=== TASK ITEM ===
Would you transcribe exactly the lines from the one containing "Thiết kế với" to the last line of the data below, both ends included, but none of the pictures?

Dataset entries:
---+---

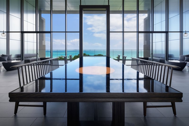 the hotel, the interior design continues to reflect the connection between architecture and nature. The lobby is a masterpiece of design, with expansive aluminum paneling on the walls and ceiling, allowing the horizon and landscape to merge with the interior. A central resin table, designed to mimic a water basin, further reinforces the theme of natural serenity, with the table reflecting the clouds and blue skies above.
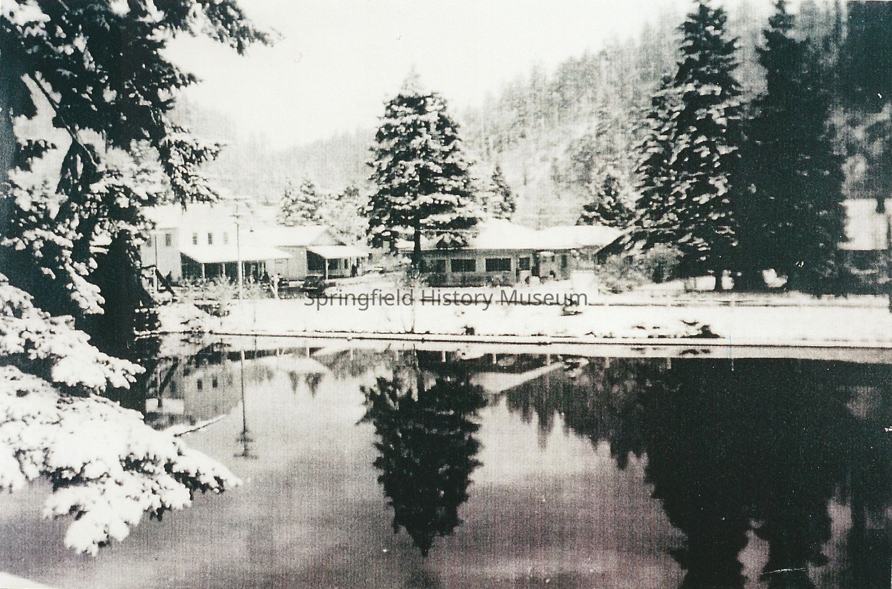 Westfir in snow, reflections in mill pond, Hines Lumber Company office in center, company store to left and post office behind.
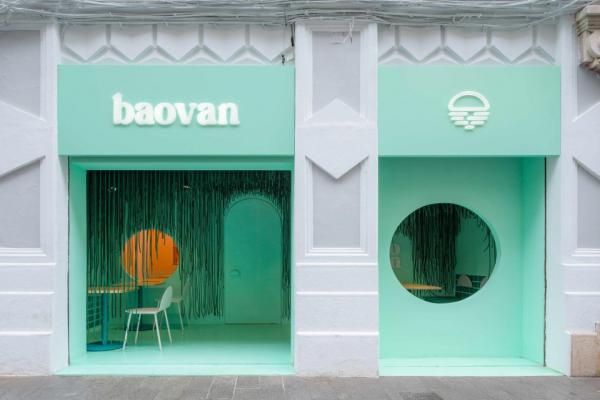 Thiết kế với màu xanh dịu mắt cũng như những đường tròn lấy cảm hứng từ chiếc bánh bao của nhà hàng Baovan mang lại thiện cảm cho khách hàng. Ảnh: ICON. Nhà hàng Baovan là một thương hiệu hướng đến biển cả, được thể hiện qua khẩu hiệu "Bia, biển và bánh bao".
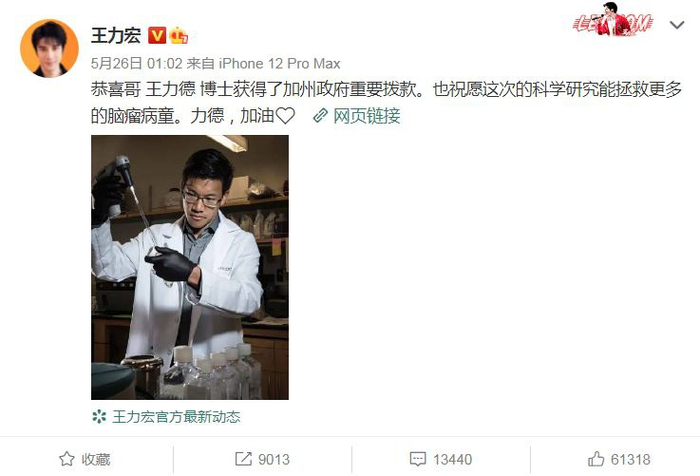 王力宏本人5月26日也通过实名认证微博账号刊文:“恭喜哥 王力德博士获得了加州政府重要拨款。也祝愿这次的科学研究能拯救更多的脑瘤病童。力德,加油。”并附上了王力德从事研究的照片。
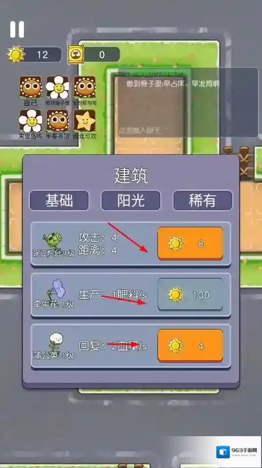 1、“种植植物”,消耗阳光,在领地种植豌豆炮台(攻击)、牵牛花(产肥料)等植物,构建防线。
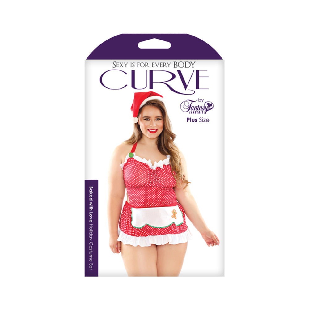 Spread some cheer in this 3 piece set. Baked with Love comes with a ruffle-accented microfiber apron dress, matching ruffled panty and holiday hat. Because nothin' says lovin' like something from the oven. Features: • 3 Piece Set • Hat Included • Ties at Neck & Back • Hook & Eye Closure Color: Red/White Fabric Content: 95% Polyester 5% Spandex Washing Instructions: Hand wash separately in cold water. Do not bleach. Flat dry.

---+---

=== SOLUTION TO THE EXERCISE ===
 Thiết kế với màu xanh dịu mắt cũng như những đường tròn lấy cảm hứng từ chiếc bánh bao của nhà hàng Baovan mang lại thiện cảm cho khách hàng. Ảnh: ICON. Nhà hàng Baovan là một thương hiệu hướng đến biển cả, được thể hiện qua khẩu hiệu "Bia, biển và bánh bao".
 王力宏本人5月26日也通过实名认证微博账号刊文:“恭喜哥 王力德博士获得了加州政府重要拨款。也祝愿这次的科学研究能拯救更多的脑瘤病童。力德,加油。”并附上了王力德从事研究的照片。
 1、“种植植物”,消耗阳光,在领地种植豌豆炮台(攻击)、牵牛花(产肥料)等植物,构建防线。
 Spread some cheer in this 3 piece set. Baked with Love comes with a ruffle-accented microfiber apron dress, matching ruffled panty and holiday hat. Because nothin' says lovin' like something from the oven. Features: • 3 Piece Set • Hat Included • Ties at Neck & Back • Hook & Eye Closure Color: Red/White Fabric Content: 95% Polyester 5% Spandex Washing Instructions: Hand wash separately in cold water. Do not bleach. Flat dry.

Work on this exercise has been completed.